Directions for this task: All lines below between the line with "色がかわいい古典柄 一越ちりめん生地 青海波に御所車(ピンク/赤紫)" and the line with "SanGiorgio SENS812D. Tipo", including both, must be copied exactly, and the pictures must be omitted.
Segment Start: The data
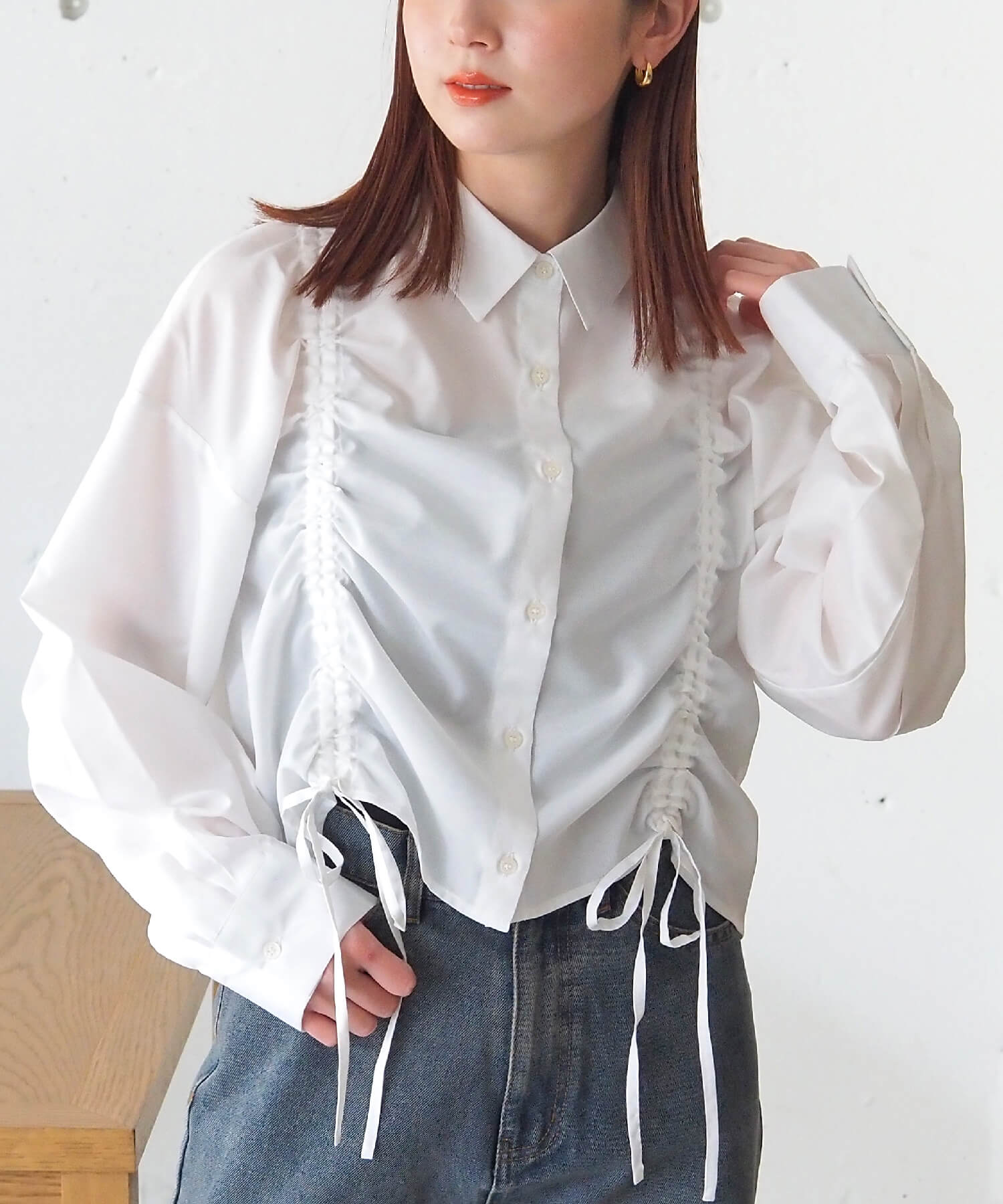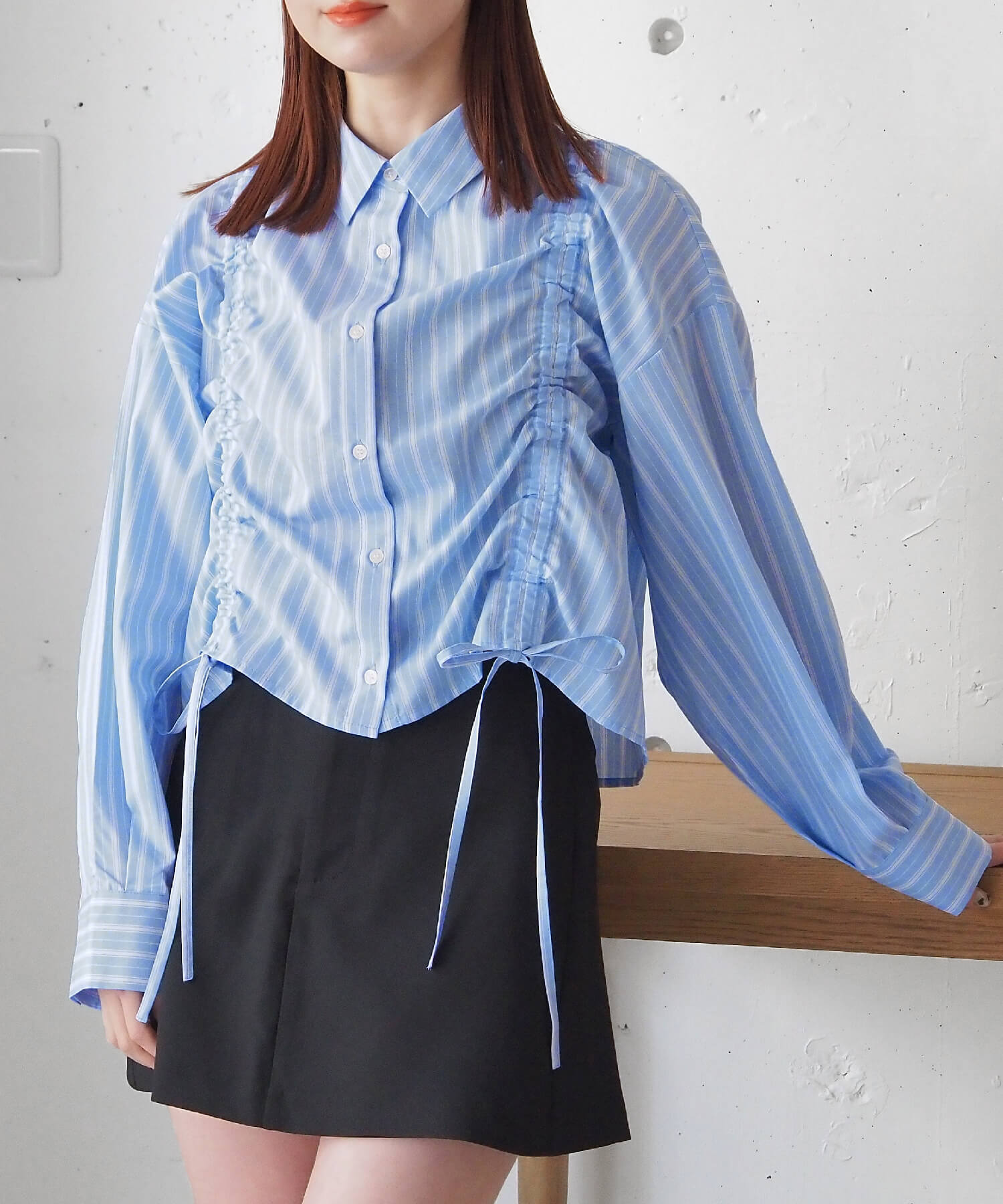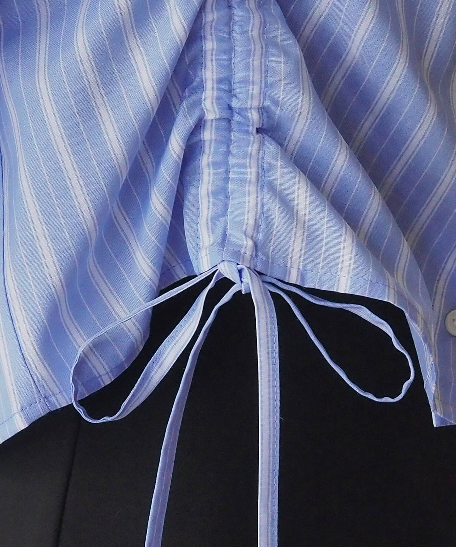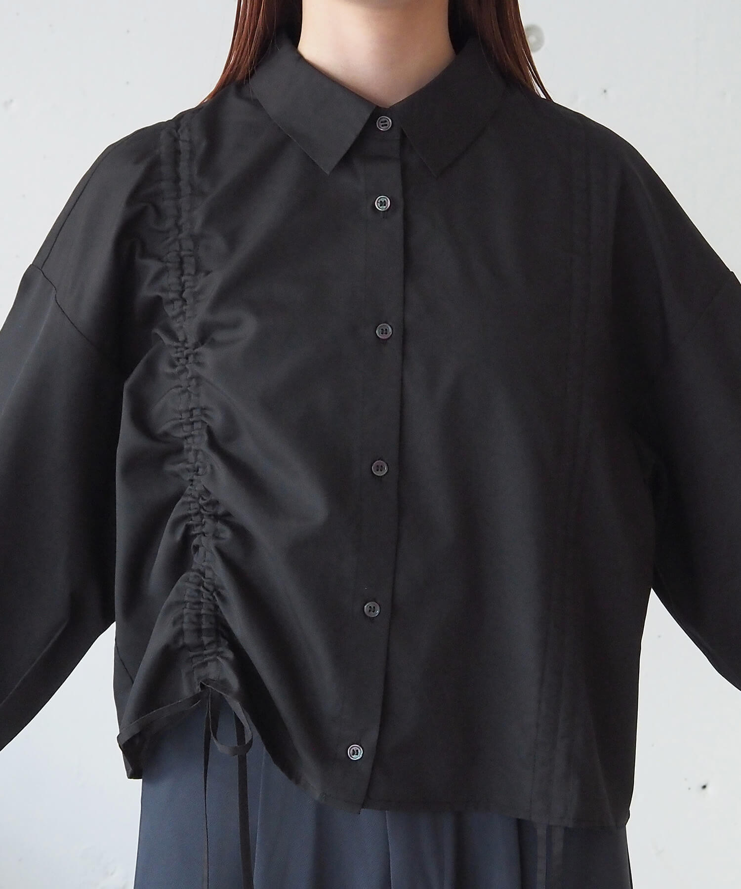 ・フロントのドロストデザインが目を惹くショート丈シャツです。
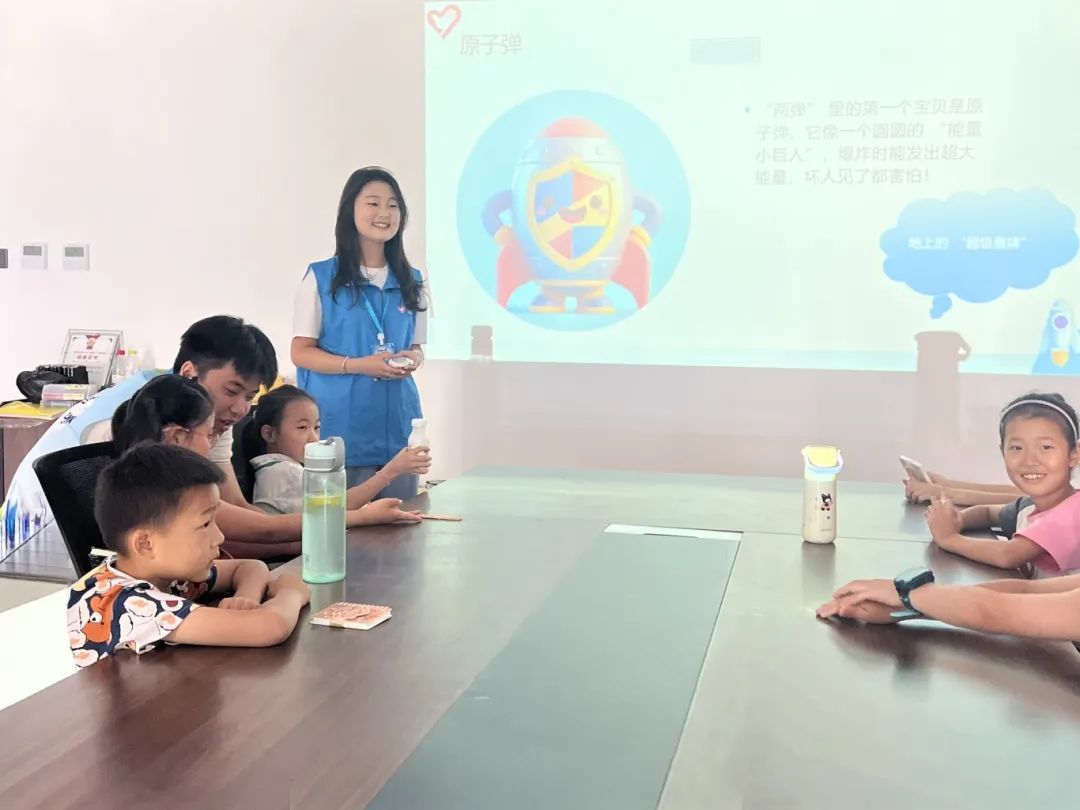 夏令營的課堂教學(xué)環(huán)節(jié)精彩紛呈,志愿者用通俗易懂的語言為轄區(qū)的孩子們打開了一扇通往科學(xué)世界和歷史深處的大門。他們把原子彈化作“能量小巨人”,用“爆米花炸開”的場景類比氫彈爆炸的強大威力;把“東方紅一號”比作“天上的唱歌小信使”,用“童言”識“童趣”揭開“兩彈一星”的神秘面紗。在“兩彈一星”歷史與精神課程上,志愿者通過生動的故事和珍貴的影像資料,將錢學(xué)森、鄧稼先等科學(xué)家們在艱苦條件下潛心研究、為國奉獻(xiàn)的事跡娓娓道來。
Segment End: The data
Segment Start: The data
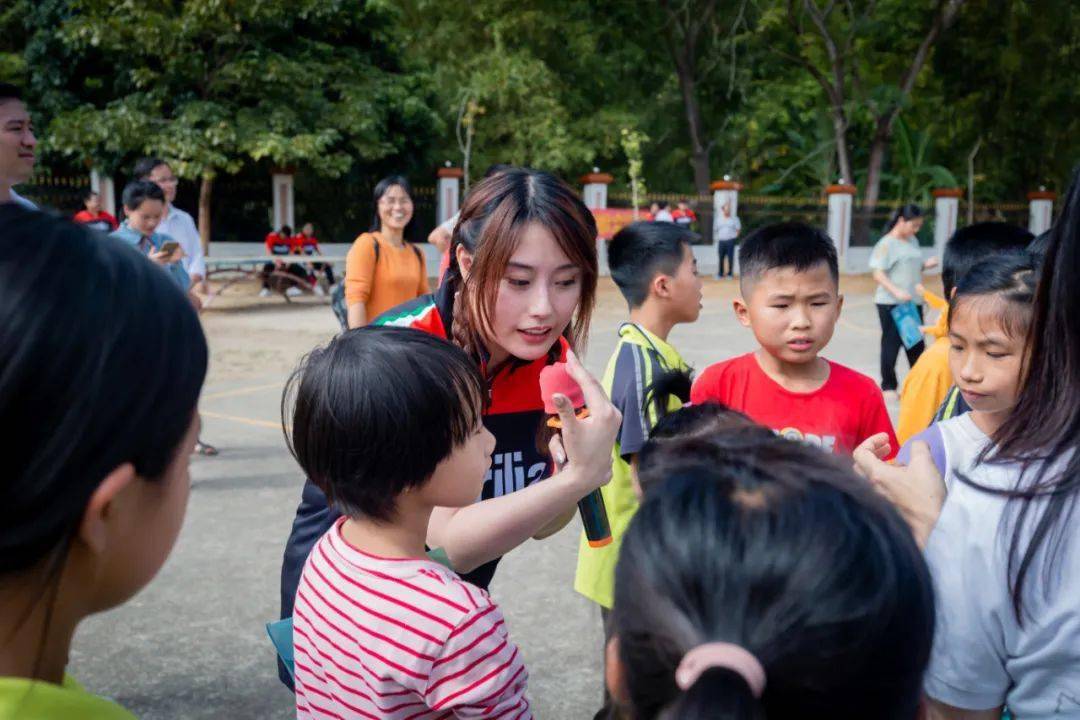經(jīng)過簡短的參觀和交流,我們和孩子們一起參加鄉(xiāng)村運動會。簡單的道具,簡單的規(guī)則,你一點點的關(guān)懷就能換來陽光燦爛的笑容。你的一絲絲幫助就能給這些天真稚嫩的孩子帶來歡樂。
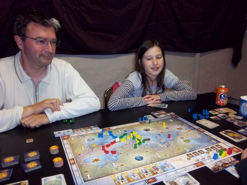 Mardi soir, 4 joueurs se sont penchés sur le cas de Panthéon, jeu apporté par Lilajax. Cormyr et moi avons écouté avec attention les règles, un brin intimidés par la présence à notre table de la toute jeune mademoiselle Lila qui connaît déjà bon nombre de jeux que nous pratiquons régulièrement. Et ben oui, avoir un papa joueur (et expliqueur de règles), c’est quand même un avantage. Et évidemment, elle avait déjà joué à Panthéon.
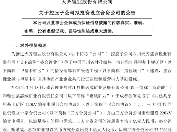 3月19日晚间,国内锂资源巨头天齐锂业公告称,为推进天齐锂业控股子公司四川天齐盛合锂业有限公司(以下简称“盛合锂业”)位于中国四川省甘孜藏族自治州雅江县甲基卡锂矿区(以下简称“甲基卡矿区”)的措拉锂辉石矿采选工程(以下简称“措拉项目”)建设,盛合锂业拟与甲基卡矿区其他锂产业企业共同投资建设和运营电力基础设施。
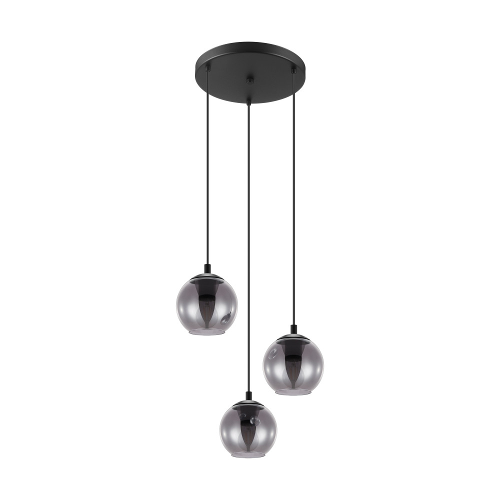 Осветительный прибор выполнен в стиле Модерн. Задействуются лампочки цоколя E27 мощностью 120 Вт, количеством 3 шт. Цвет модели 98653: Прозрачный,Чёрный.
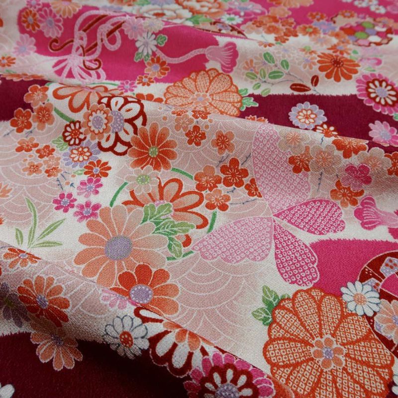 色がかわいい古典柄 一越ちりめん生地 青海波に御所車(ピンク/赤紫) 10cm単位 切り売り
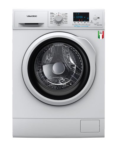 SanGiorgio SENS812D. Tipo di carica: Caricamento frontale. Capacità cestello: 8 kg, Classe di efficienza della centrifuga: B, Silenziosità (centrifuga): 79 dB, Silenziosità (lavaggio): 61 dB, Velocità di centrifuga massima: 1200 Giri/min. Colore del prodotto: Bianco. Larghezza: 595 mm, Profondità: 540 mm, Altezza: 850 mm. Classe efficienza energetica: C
Segment End: The data
Segment Start: The data
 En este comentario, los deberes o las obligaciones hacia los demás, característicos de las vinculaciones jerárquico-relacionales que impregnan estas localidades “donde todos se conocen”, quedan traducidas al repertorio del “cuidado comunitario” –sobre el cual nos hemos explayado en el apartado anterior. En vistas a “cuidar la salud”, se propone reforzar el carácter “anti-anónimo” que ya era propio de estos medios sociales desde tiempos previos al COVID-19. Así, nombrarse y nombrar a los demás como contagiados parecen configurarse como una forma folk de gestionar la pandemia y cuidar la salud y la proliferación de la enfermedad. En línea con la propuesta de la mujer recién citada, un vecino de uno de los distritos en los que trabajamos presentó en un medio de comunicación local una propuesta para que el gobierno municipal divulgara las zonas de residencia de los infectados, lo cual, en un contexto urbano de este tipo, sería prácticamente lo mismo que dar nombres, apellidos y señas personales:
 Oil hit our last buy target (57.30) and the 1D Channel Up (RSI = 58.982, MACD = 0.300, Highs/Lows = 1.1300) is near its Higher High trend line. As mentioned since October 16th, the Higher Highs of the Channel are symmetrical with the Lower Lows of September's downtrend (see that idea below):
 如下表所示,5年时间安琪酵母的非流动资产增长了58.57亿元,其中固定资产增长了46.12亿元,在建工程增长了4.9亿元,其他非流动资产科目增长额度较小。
Segment End: The data
Output below:
 色がかわいい古典柄 一越ちりめん生地 青海波に御所車(ピンク/赤紫) 10cm単位 切り売り
 SanGiorgio SENS812D. Tipo di carica: Caricamento frontale. Capacità cestello: 8 kg, Classe di efficienza della centrifuga: B, Silenziosità (centrifuga): 79 dB, Silenziosità (lavaggio): 61 dB, Velocità di centrifuga massima: 1200 Giri/min. Colore del prodotto: Bianco. Larghezza: 595 mm, Profondità: 540 mm, Altezza: 850 mm. Classe efficienza energetica: C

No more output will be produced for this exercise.